Assignment: Each record that follows should be repeated exactly, with no pictures carried over.

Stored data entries
----------

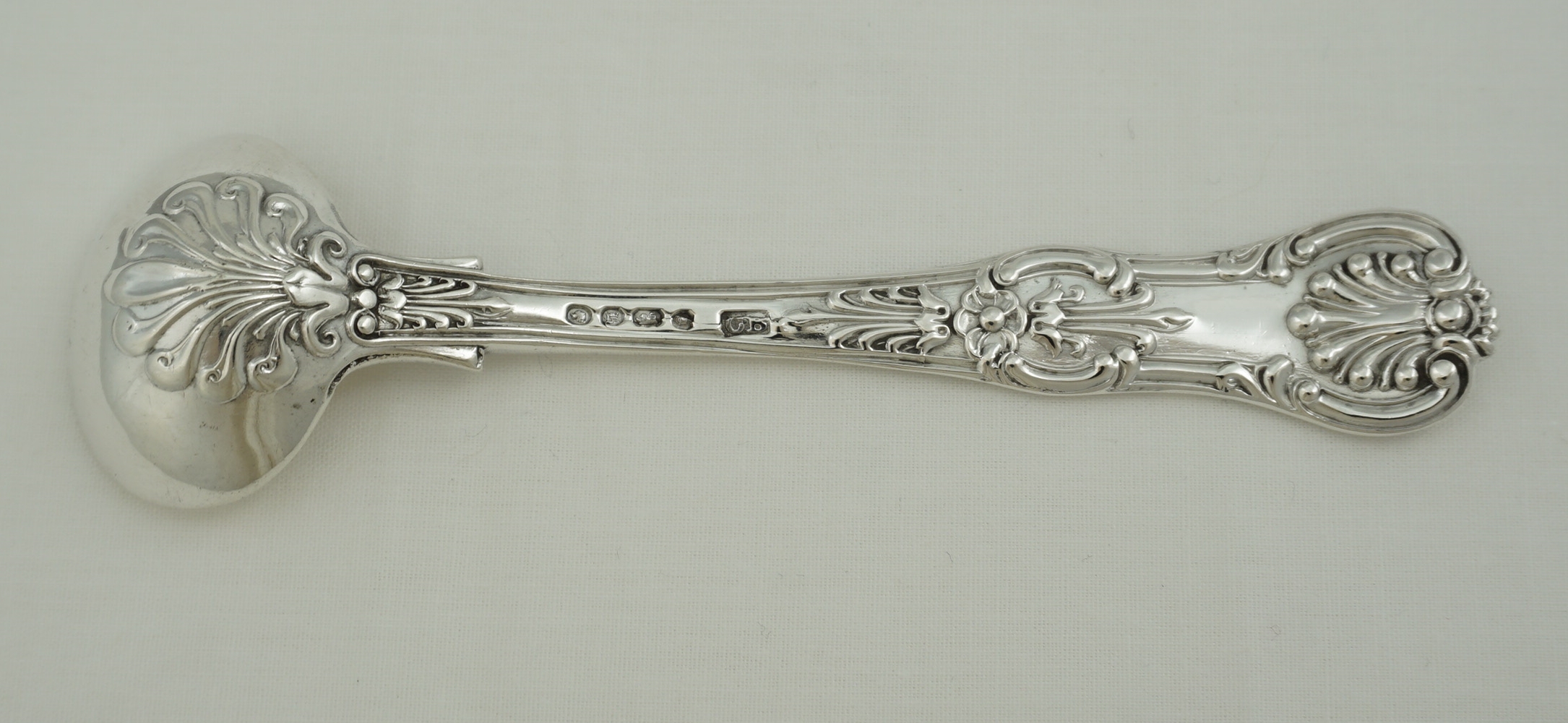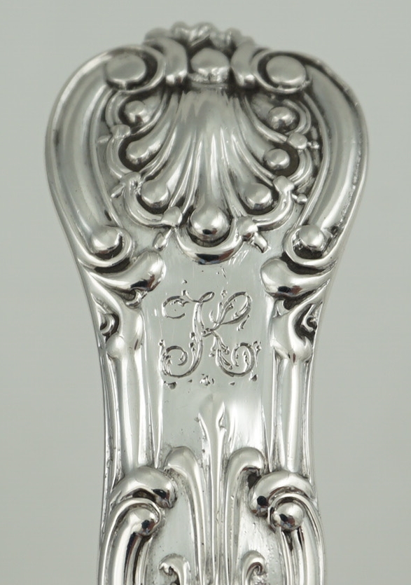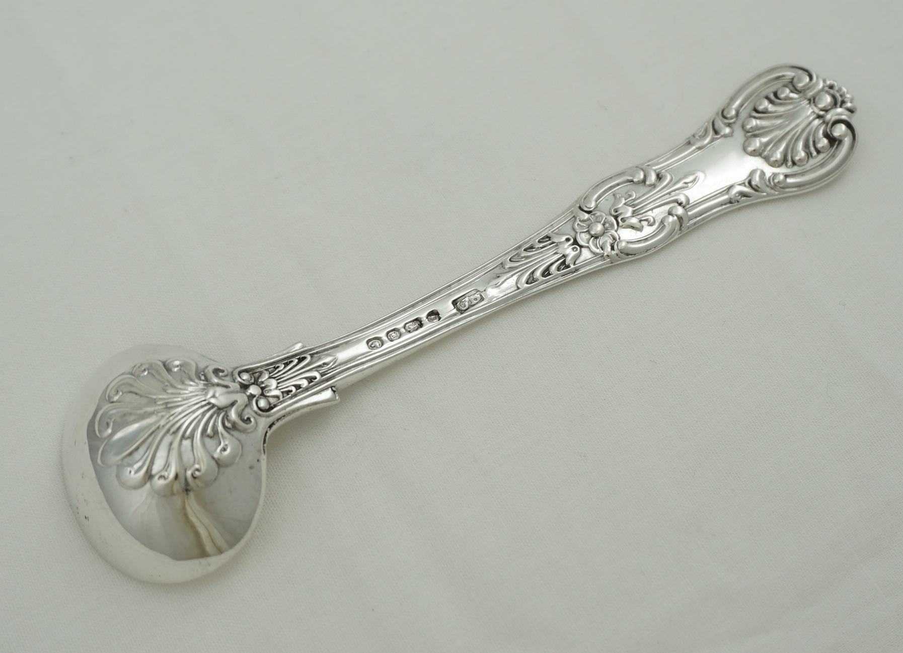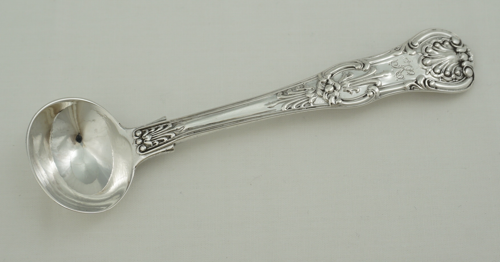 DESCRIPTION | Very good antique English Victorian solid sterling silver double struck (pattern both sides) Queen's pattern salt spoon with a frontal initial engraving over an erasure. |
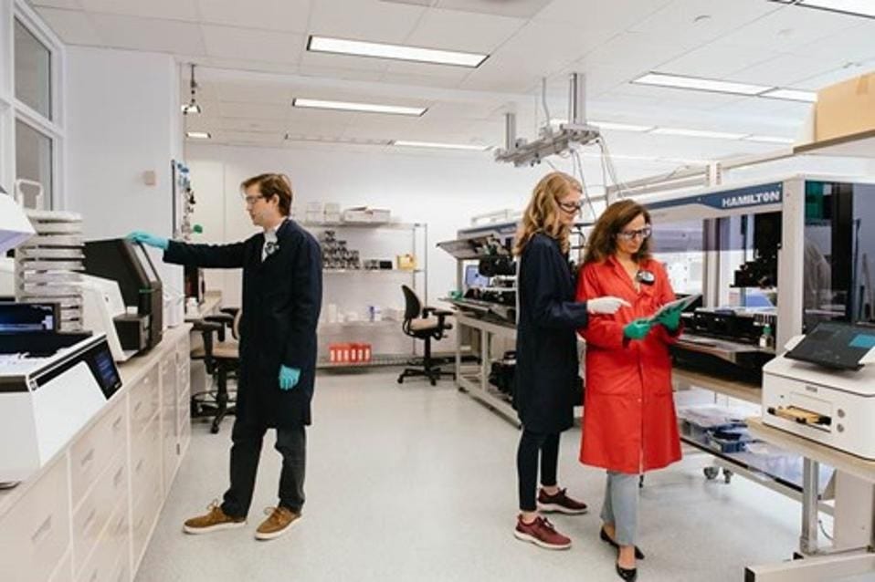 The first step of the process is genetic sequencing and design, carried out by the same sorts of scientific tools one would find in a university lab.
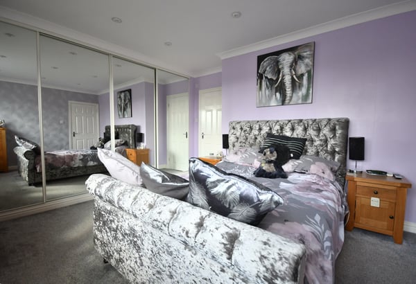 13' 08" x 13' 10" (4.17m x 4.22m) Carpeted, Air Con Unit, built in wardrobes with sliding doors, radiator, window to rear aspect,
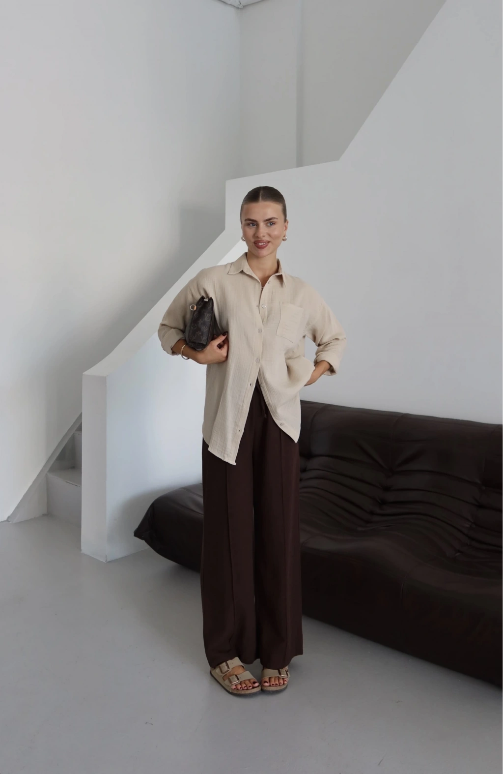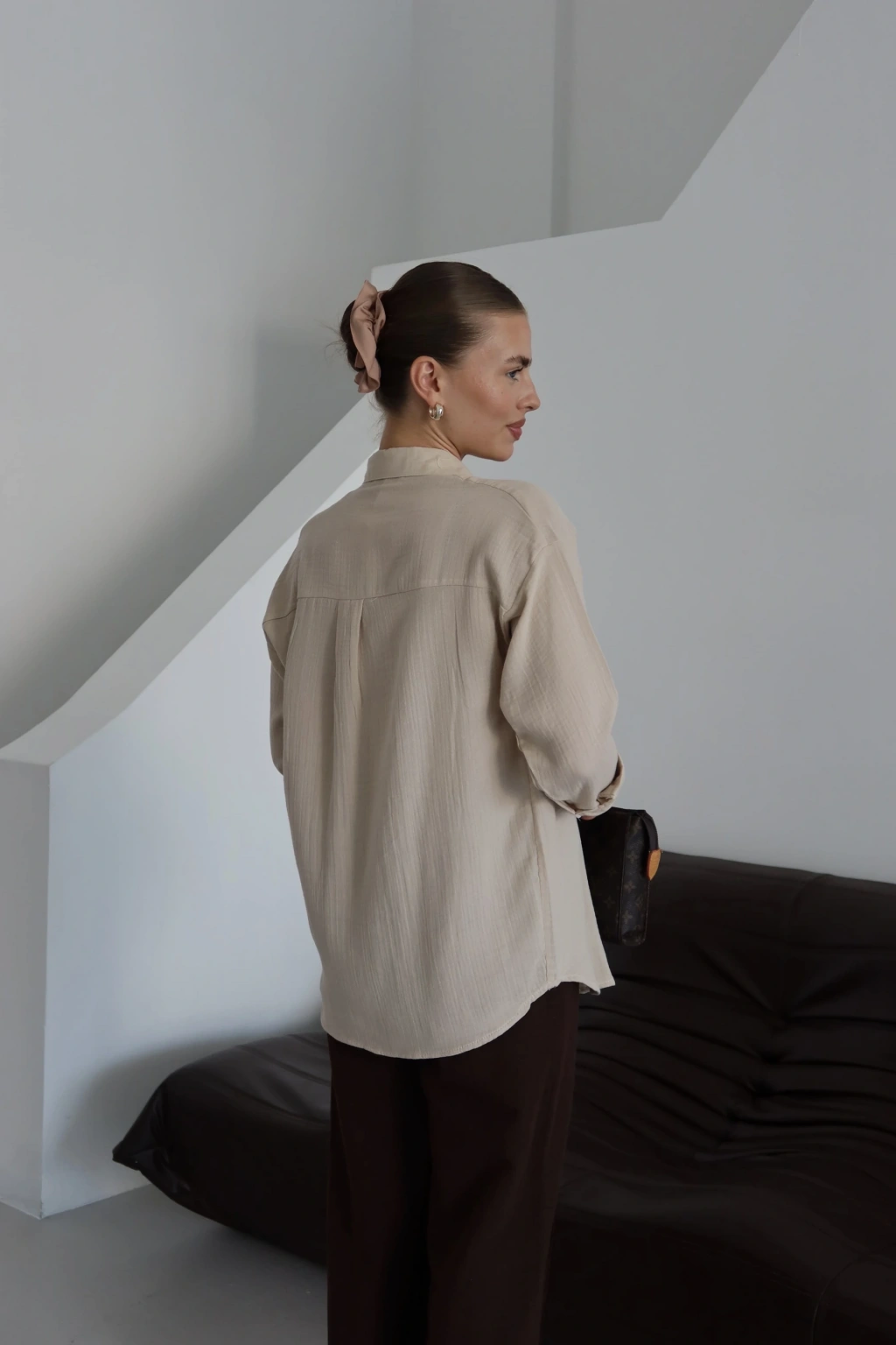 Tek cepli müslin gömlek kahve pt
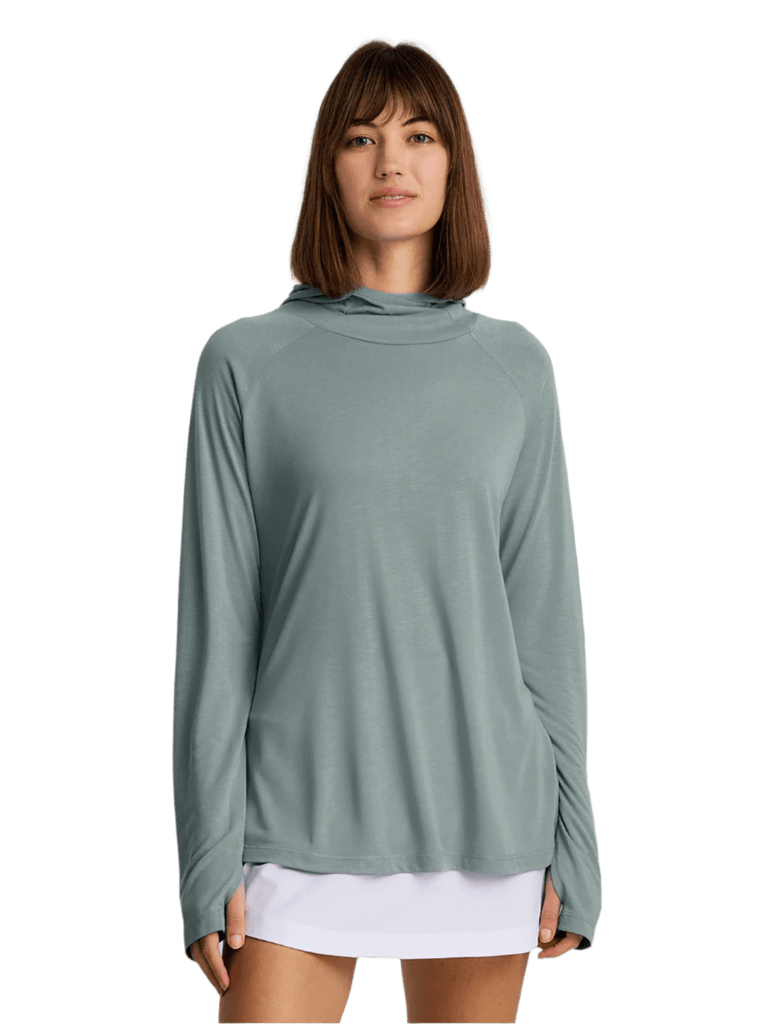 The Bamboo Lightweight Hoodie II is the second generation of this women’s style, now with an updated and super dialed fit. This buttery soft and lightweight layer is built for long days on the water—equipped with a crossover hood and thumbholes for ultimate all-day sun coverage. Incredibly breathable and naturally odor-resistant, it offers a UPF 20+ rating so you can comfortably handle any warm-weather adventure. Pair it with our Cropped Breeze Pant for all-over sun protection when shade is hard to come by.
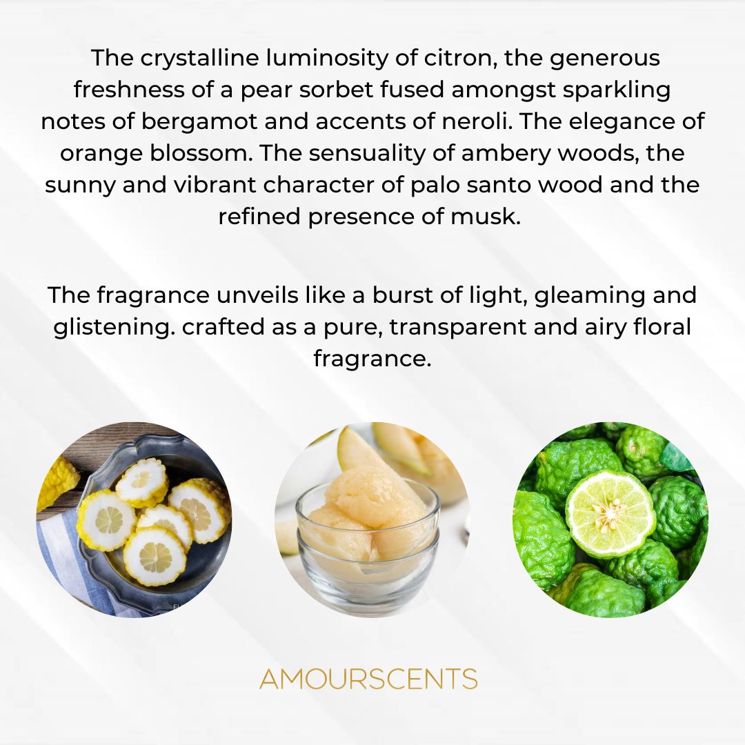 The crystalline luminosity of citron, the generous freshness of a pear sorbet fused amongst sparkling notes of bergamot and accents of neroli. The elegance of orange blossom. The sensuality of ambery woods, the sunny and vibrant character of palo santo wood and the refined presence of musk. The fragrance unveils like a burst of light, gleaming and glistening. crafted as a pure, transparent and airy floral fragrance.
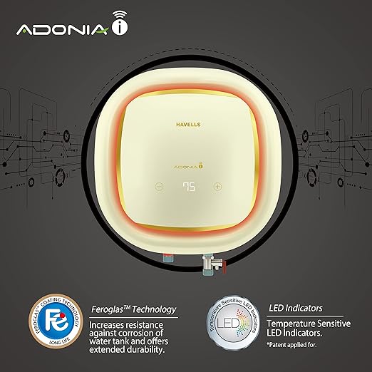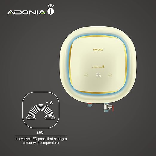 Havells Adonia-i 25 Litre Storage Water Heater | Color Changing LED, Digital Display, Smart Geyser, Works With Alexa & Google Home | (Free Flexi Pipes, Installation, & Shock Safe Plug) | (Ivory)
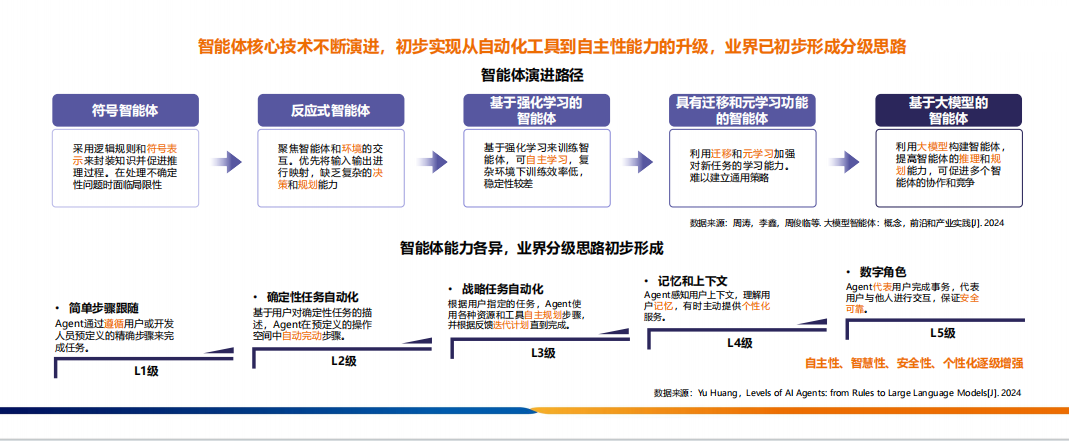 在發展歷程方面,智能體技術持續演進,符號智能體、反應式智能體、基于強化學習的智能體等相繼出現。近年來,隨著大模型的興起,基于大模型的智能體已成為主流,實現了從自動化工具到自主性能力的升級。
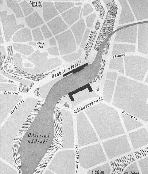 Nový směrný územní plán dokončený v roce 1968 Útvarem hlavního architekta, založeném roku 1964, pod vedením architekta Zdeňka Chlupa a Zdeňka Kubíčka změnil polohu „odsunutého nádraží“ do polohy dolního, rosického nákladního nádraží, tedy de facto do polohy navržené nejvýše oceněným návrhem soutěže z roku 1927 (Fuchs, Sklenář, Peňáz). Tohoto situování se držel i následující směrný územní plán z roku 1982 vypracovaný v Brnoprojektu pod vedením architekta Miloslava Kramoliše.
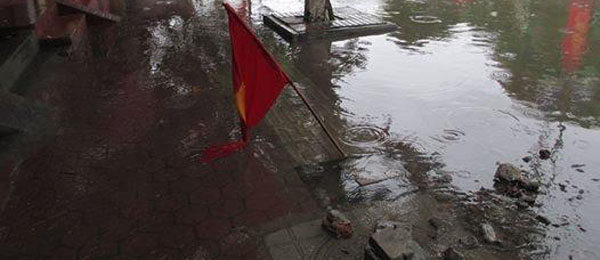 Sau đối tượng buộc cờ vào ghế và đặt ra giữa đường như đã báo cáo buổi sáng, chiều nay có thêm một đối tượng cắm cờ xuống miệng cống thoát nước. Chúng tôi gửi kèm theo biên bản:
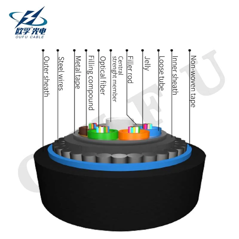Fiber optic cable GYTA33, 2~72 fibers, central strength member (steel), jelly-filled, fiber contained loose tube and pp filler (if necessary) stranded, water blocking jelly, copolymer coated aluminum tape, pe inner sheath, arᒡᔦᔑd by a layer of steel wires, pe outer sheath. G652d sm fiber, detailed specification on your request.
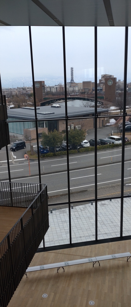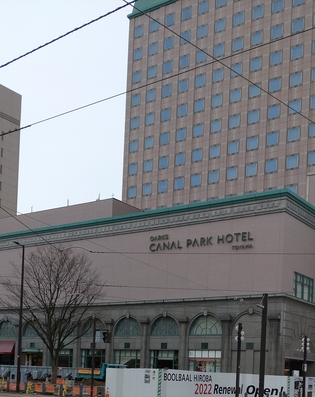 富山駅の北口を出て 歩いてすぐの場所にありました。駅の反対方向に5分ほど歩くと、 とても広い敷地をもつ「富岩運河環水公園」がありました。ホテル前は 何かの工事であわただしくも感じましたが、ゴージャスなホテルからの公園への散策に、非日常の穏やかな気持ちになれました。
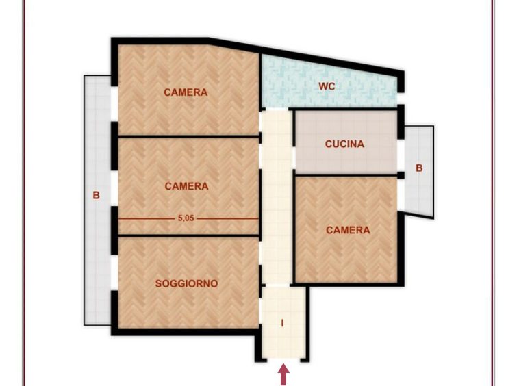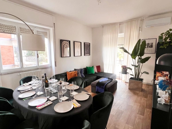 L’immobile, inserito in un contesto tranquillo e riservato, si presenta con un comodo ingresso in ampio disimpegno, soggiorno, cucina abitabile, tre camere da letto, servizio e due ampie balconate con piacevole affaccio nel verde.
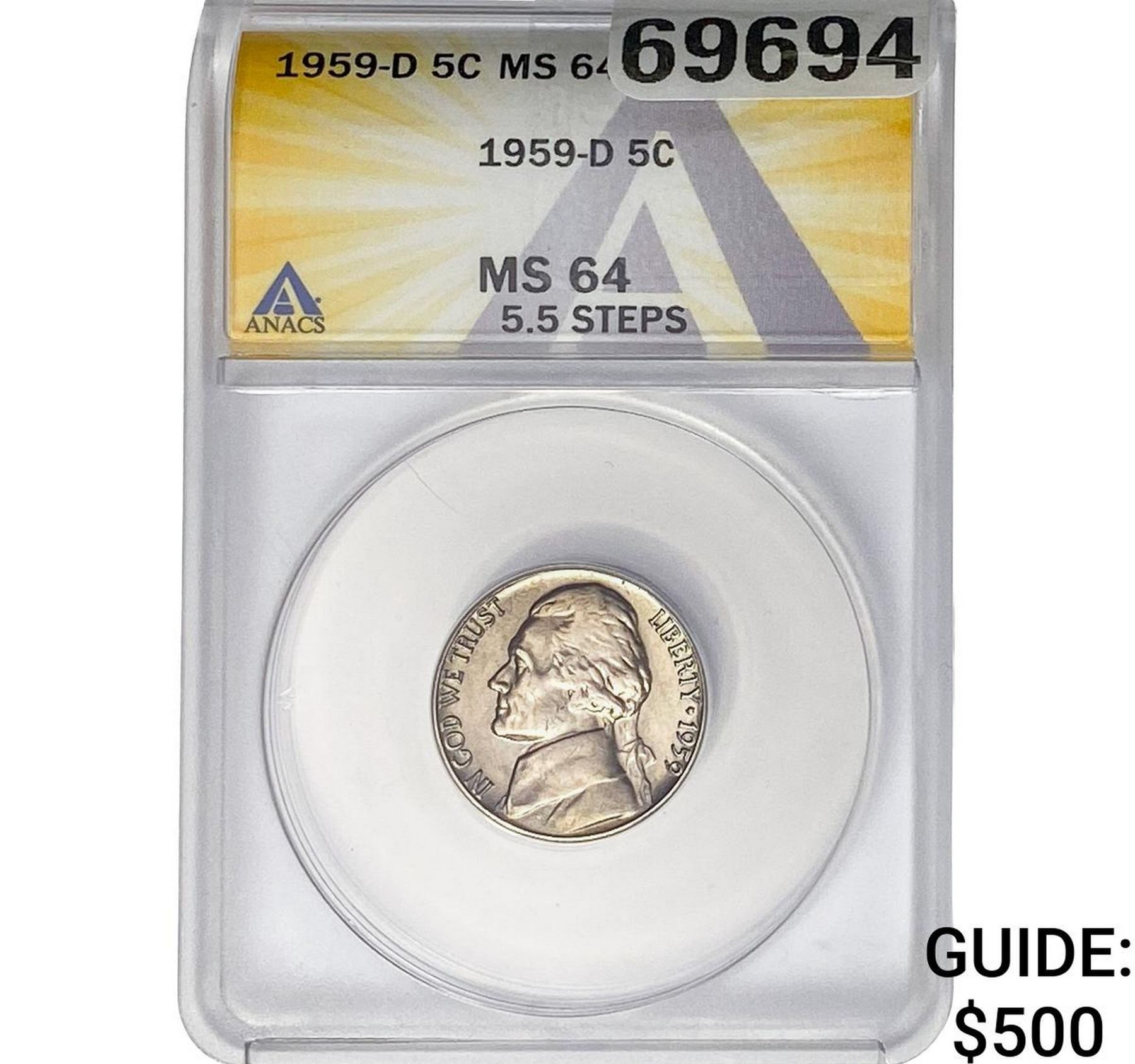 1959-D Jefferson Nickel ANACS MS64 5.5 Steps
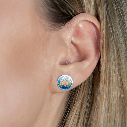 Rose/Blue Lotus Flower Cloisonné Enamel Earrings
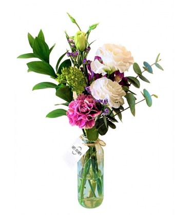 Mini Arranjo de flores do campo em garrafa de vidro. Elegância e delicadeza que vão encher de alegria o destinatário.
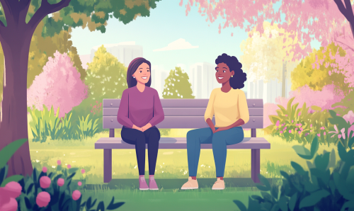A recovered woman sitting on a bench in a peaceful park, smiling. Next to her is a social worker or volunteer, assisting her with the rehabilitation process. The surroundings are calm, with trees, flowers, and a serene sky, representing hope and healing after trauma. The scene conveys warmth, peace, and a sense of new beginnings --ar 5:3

----------

Answer to this task:
 DESCRIPTION | Very good antique English Victorian solid sterling silver double struck (pattern both sides) Queen's pattern salt spoon with a frontal initial engraving over an erasure. |
 The first step of the process is genetic sequencing and design, carried out by the same sorts of scientific tools one would find in a university lab.
 13' 08" x 13' 10" (4.17m x 4.22m) Carpeted, Air Con Unit, built in wardrobes with sliding doors, radiator, window to rear aspect,
 Tek cepli müslin gömlek kahve pt
 The Bamboo Lightweight Hoodie II is the second generation of this women’s style, now with an updated and super dialed fit. This buttery soft and lightweight layer is built for long days on the water—equipped with a crossover hood and thumbholes for ultimate all-day sun coverage. Incredibly breathable and naturally odor-resistant, it offers a UPF 20+ rating so you can comfortably handle any warm-weather adventure. Pair it with our Cropped Breeze Pant for all-over sun protection when shade is hard to come by.
 The crystalline luminosity of citron, the generous freshness of a pear sorbet fused amongst sparkling notes of bergamot and accents of neroli. The elegance of orange blossom. The sensuality of ambery woods, the sunny and vibrant character of palo santo wood and the refined presence of musk. The fragrance unveils like a burst of light, gleaming and glistening. crafted as a pure, transparent and airy floral fragrance.
 Havells Adonia-i 25 Litre Storage Water Heater | Color Changing LED, Digital Display, Smart Geyser, Works With Alexa & Google Home | (Free Flexi Pipes, Installation, & Shock Safe Plug) | (Ivory)
 在發展歷程方面,智能體技術持續演進,符號智能體、反應式智能體、基于強化學習的智能體等相繼出現。近年來,隨著大模型的興起,基于大模型的智能體已成為主流,實現了從自動化工具到自主性能力的升級。
 Nový směrný územní plán dokončený v roce 1968 Útvarem hlavního architekta, založeném roku 1964, pod vedením architekta Zdeňka Chlupa a Zdeňka Kubíčka změnil polohu „odsunutého nádraží“ do polohy dolního, rosického nákladního nádraží, tedy de facto do polohy navržené nejvýše oceněným návrhem soutěže z roku 1927 (Fuchs, Sklenář, Peňáz). Tohoto situování se držel i následující směrný územní plán z roku 1982 vypracovaný v Brnoprojektu pod vedením architekta Miloslava Kramoliše.
 Sau đối tượng buộc cờ vào ghế và đặt ra giữa đường như đã báo cáo buổi sáng, chiều nay có thêm một đối tượng cắm cờ xuống miệng cống thoát nước. Chúng tôi gửi kèm theo biên bản:
Fiber optic cable GYTA33, 2~72 fibers, central strength member (steel), jelly-filled, fiber contained loose tube and pp filler (if necessary) stranded, water blocking jelly, copolymer coated aluminum tape, pe inner sheath, arᒡᔦᔑd by a layer of steel wires, pe outer sheath. G652d sm fiber, detailed specification on your request.
 富山駅の北口を出て 歩いてすぐの場所にありました。駅の反対方向に5分ほど歩くと、 とても広い敷地をもつ「富岩運河環水公園」がありました。ホテル前は 何かの工事であわただしくも感じましたが、ゴージャスなホテルからの公園への散策に、非日常の穏やかな気持ちになれました。
 L’immobile, inserito in un contesto tranquillo e riservato, si presenta con un comodo ingresso in ampio disimpegno, soggiorno, cucina abitabile, tre camere da letto, servizio e due ampie balconate con piacevole affaccio nel verde.
 1959-D Jefferson Nickel ANACS MS64 5.5 Steps
 Rose/Blue Lotus Flower Cloisonné Enamel Earrings
 Mini Arranjo de flores do campo em garrafa de vidro. Elegância e delicadeza que vão encher de alegria o destinatário.
A recovered woman sitting on a bench in a peaceful park, smiling. Next to her is a social worker or volunteer, assisting her with the rehabilitation process. The surroundings are calm, with trees, flowers, and a serene sky, representing hope and healing after trauma. The scene conveys warmth, peace, and a sense of new beginnings --ar 5:3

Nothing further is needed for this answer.